For my personal stuff, I haven't looked at buildkite primarily because I'm looking for free, open source solutions. The secondary (but no less important) issue is that I'm also looking for coverage for *BSD. Buildkite lists FreeBSD support so, assuming it's not a Linux binary expected to run under the translation layer, they could presumably offer binaries for the other BSD variants. Right now I've got some buildbot workers setup on some bhyve VMs with df/net/openbsd and some jails with FreeBSD.

The big thing I've noticed is that lots of tools will list FreeBSD support at least, but few of those claims are actually tested. Even fewer mention any of the other BSDs. For example: Elixir deployments on FreeBSD have been broken for months; Hashicorp put out a FreeBSD build of their vault ssh helper that didn't work by design -- but they had no idea because they never tried to validate the build; rust's libc crate lists FreeBSD, NetBSD, and OpenBSD as tier 1 platforms, but they're only testing the crate on an old version of FreeBSD (where they've disabled some key tests due to a misunderstanding rendering the tests not super useful)... plus they're not in a good position to deal with the C ABI changing between releases.

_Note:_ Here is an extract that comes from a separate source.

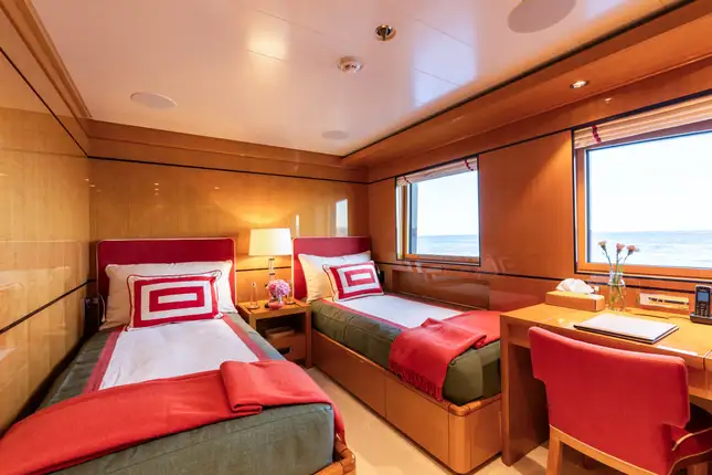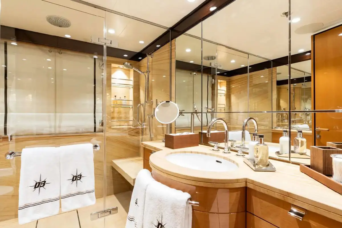 Following an extensive 2024 refit, the highly-acclaimed Amels 180 series yacht, DEEP BLUE, stands in impeccable condition ready to offer an exceptional charter holiday experience. This stunning superyacht seamlessly blends luxurious accommodation with an array of new amenities, promising unforgettable moments for up to 12 guests. DEEP BLUE’s considerately designed layout caters perfectly for families and groups. Six well-appointed cabins provide luxurious comfort, including a master suite and convertible double/twin cabin on the main deck. The lower deck features three double guest cabins and an additional twin cabin. The master suite is thoughtfully designed, featuring a private study and dressing room for more privacy and convenience.

The irony of people saying essentially "Dropbox could have done this just by using open source tools" on hackernews, where people famously announced the Dropbox would fail because it was easy to reproduce using open source tools entertains me.

Maybe, just maybe, the engineers in question considered mature open source tools and decided they didn't serve their needs.


Overly opinionated garbage, imagine having to work with this guy.